Raw data
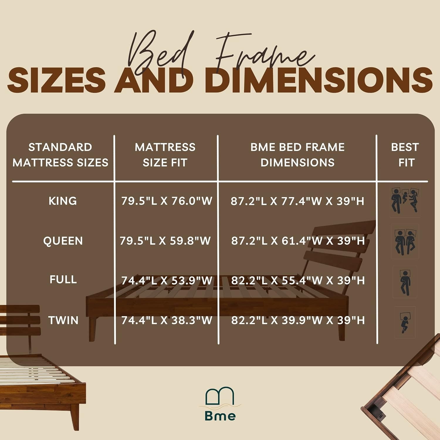 BME PRODUCT SELLING POINT Fully Solid Acacia Wood: For a long-lasting period, all BME beds are made from solid to provide absolutely high-quality products and gorgeous designs. Sturdy and Stable Structure: Crafted entirely from solid wood, this bed ensures a quiet, squeak-free experience while delivering exceptional stability and enduring durability. Easy to Assemble: In under 45-minute assemble with two people’s effort. You can find every detail information in the three videos below. Trendy Style: At BME Home, our diverse range of designs readily meets the stylistic preferences of any bedroom. High Profile Bed Frame: No Box Spring Needed and Easy to Storage or Clean Smartly Packed: All parts, tools, and instructions are shipped straight to your door in one efficiently packed box. One-year Warranty and 30-day Return: Worry-free with 24/7 service team. SOME ASSEMBLY NOTES: Should have two people assembling. Gloves are recommended during the process. Suggest having a drilling tool to assist with the setup. BME SOLID WOOD INDOOR COLLECTION Bme Home is dedicated to providing high-quality solid wood furniture at affordable prices. We partner with Vietnamese factories and prioritize customer satisfaction to ensure long-lasting quality. Our product range spans from bedroom to living room collections, making it effortless for you to achieve a cohesive indoor style without the need for extensive research.
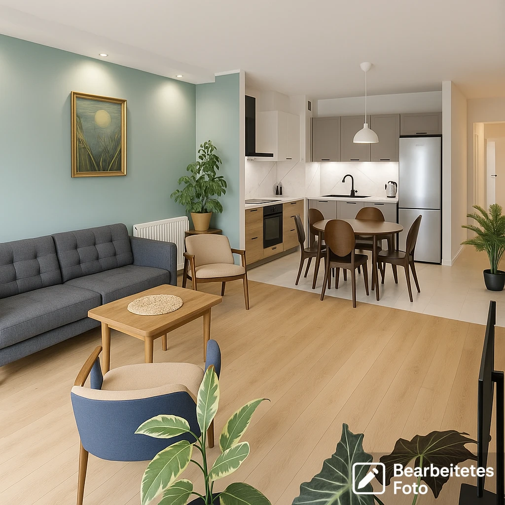 - Das erste Foto in unserer Galerie wurde leicht bearbeitet, um zu veranschaulichen, wie die Wohnung aussehen könnte – beispielsweise durch eine geänderte Wandfarbe. Die nachfolgenden Bilder zeigen den tatsächlichen Zustand der Immobilie.
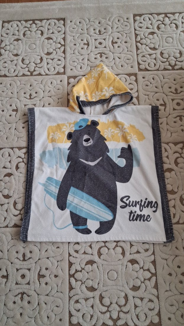 Gri kapüşonlu erkek çocuk plaj havlusu, üzerinde sörf yapan ayı ve 'Surfing time' yazısı baskılıdır. Yumuşak dokulu ve eğlenceli tasarımlıdır.
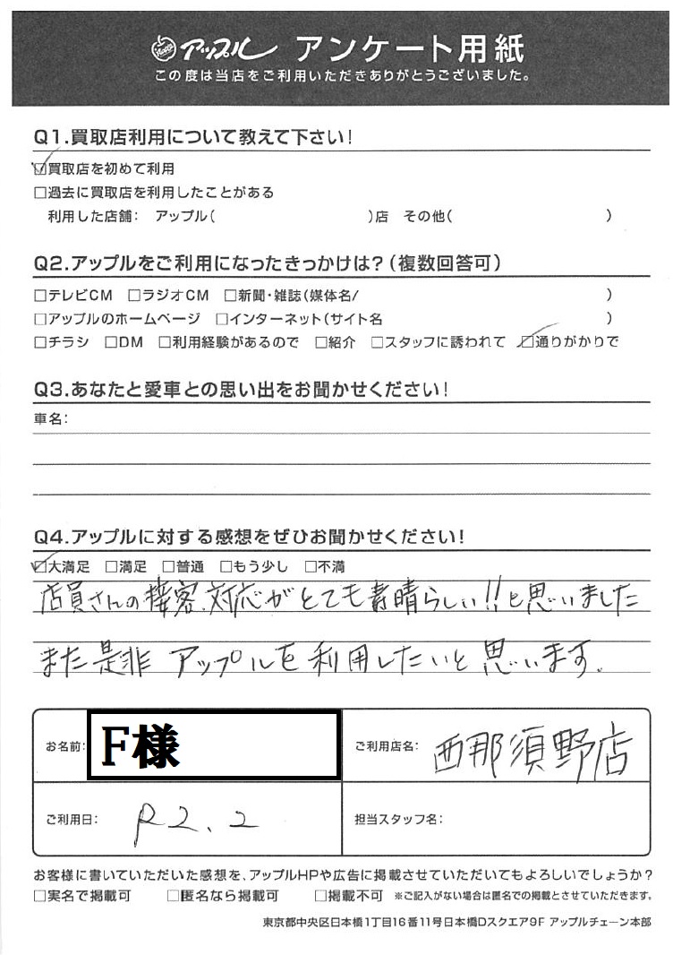 お車のご相談・ 査定だけでもOK! カンタン 入力 30秒 アップルがブランド買取始めました! お電話でも受付中! 受付時間10:00 ~ 19:00 0287-38-0544 お車のご相談・ 査定だけでもOK! カンタン 入力 30秒 アップルがブランド買取始めました! お電話でも受付中! 受付時間10:00 ~ 19:00 0287-38-0544 アップルがブランド買取始めました! お電話でも受付中! 受付時間10:00 ~ 19:00 0287-38-0544 店舗情報 在庫車 スタッフ紹介 ブログ お客様の声 キャンペーン 無料査定 click お客様の声 ご記入日: 2020/02/10 F様 Q:アップルに対する感想をぜひお聞かせください!大満足店員さんの接客対応がとても素晴らしい!!と思いました。また是非アップルを利用したいと思います。 前へ 次へ お客様の声一覧を見る
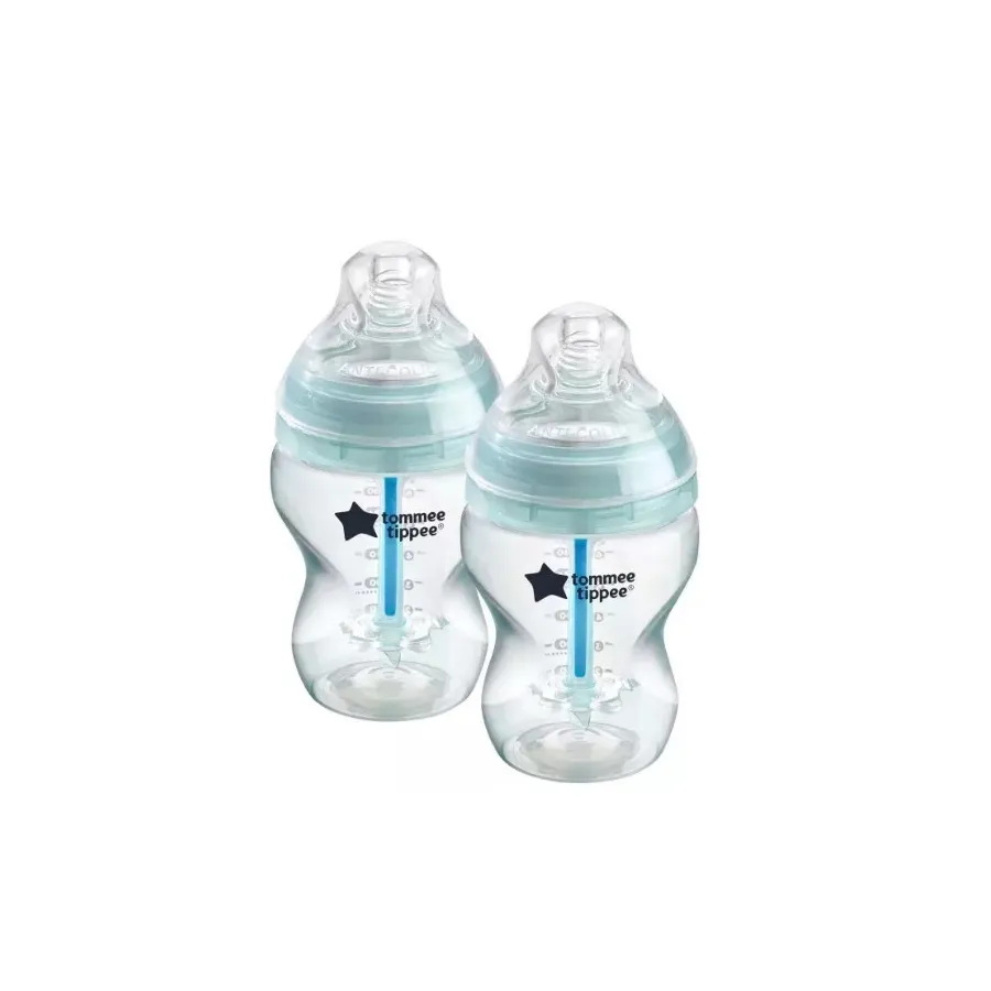 El Biberón Anticólicos Avanzado combina la tetina en forma de pecho de Tommee Tippee con un sistema anticólicos de 3 piezas único para ofrecer una aireación óptima durante la toma.

Problem details
With the pictures omitted, copy the entries above exactly from the line containing "- Das erste" through the line containing "前へ 次へ お客様の声一覧を見る", both lines included.

Exercise solution
 - Das erste Foto in unserer Galerie wurde leicht bearbeitet, um zu veranschaulichen, wie die Wohnung aussehen könnte – beispielsweise durch eine geänderte Wandfarbe. Die nachfolgenden Bilder zeigen den tatsächlichen Zustand der Immobilie.
 Gri kapüşonlu erkek çocuk plaj havlusu, üzerinde sörf yapan ayı ve 'Surfing time' yazısı baskılıdır. Yumuşak dokulu ve eğlenceli tasarımlıdır.
 お車のご相談・ 査定だけでもOK! カンタン 入力 30秒 アップルがブランド買取始めました! お電話でも受付中! 受付時間10:00 ~ 19:00 0287-38-0544 お車のご相談・ 査定だけでもOK! カンタン 入力 30秒 アップルがブランド買取始めました! お電話でも受付中! 受付時間10:00 ~ 19:00 0287-38-0544 アップルがブランド買取始めました! お電話でも受付中! 受付時間10:00 ~ 19:00 0287-38-0544 店舗情報 在庫車 スタッフ紹介 ブログ お客様の声 キャンペーン 無料査定 click お客様の声 ご記入日: 2020/02/10 F様 Q:アップルに対する感想をぜひお聞かせください!大満足店員さんの接客対応がとても素晴らしい!!と思いました。また是非アップルを利用したいと思います。 前へ 次へ お客様の声一覧を見る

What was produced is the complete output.